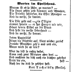 | Warten im Speisehaus, in: Prager Tagblatt, 4. April 1912, Jahrgang 37, Nummer 93, Seite 6 | ANNO | Kurt Tucholsky | Datei:Warten im Speisehaus-Prager Tagblatt-1912.png |
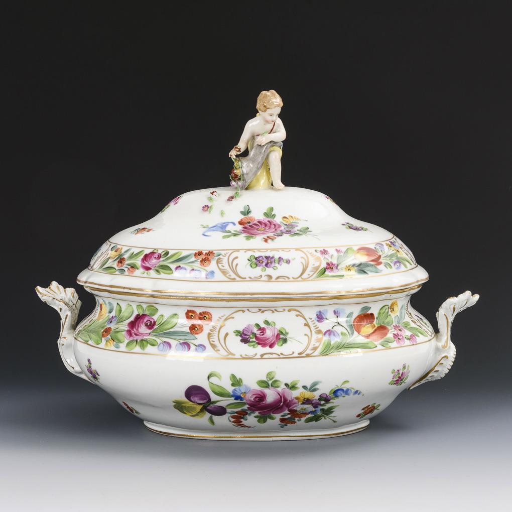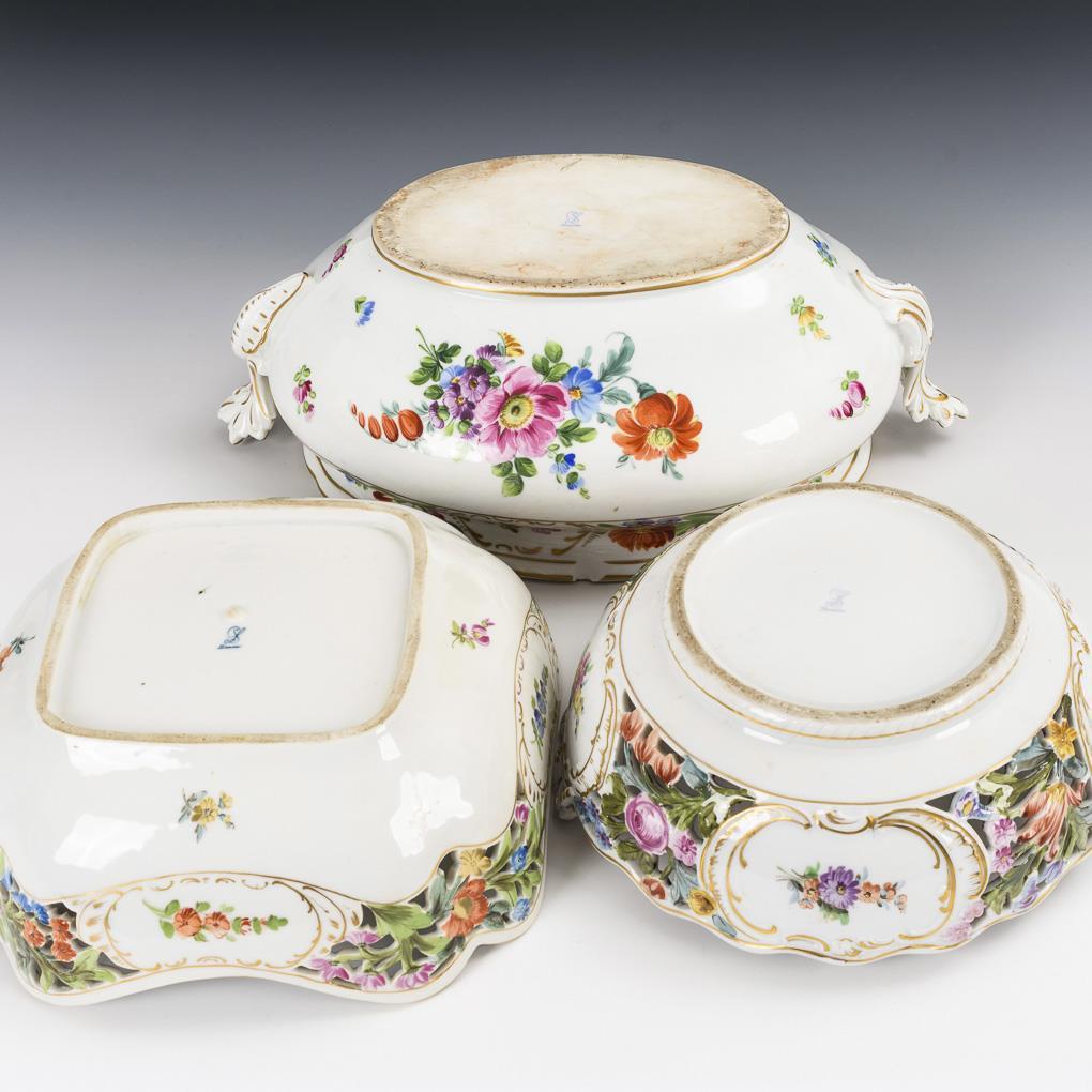 Terrine und 2 Durchbruchschalen. Potschappel.
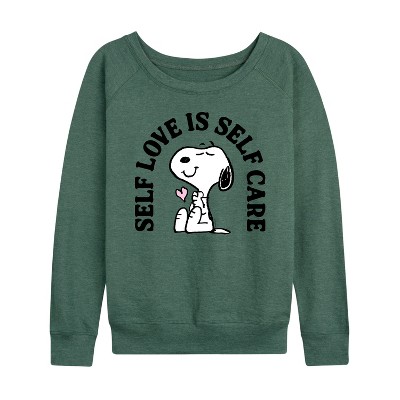Women's - Peanuts - Self Love Is Self Care Lightweight French Terry Wide Neck Long Sleeve Graphic Shirt
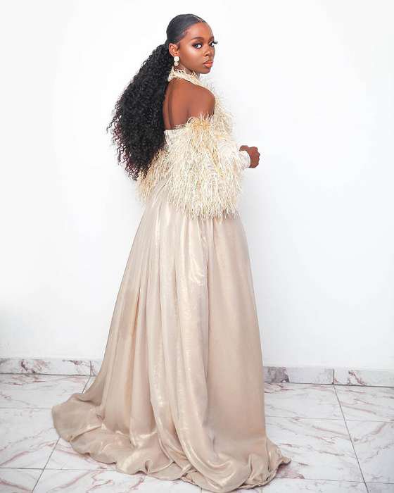 The oobiuku designed dress got Diane in a stunning look as she poses on a red carpet for photoshoot prior to the movie premiere.

What is being asked
Every line of the data is to be transcribed exactly, and no picture is to be included.

Task result
 | Warten im Speisehaus, in: Prager Tagblatt, 4. April 1912, Jahrgang 37, Nummer 93, Seite 6 | ANNO | Kurt Tucholsky | Datei:Warten im Speisehaus-Prager Tagblatt-1912.png |
 Terrine und 2 Durchbruchschalen. Potschappel.
Women's - Peanuts - Self Love Is Self Care Lightweight French Terry Wide Neck Long Sleeve Graphic Shirt
 The oobiuku designed dress got Diane in a stunning look as she poses on a red carpet for photoshoot prior to the movie premiere.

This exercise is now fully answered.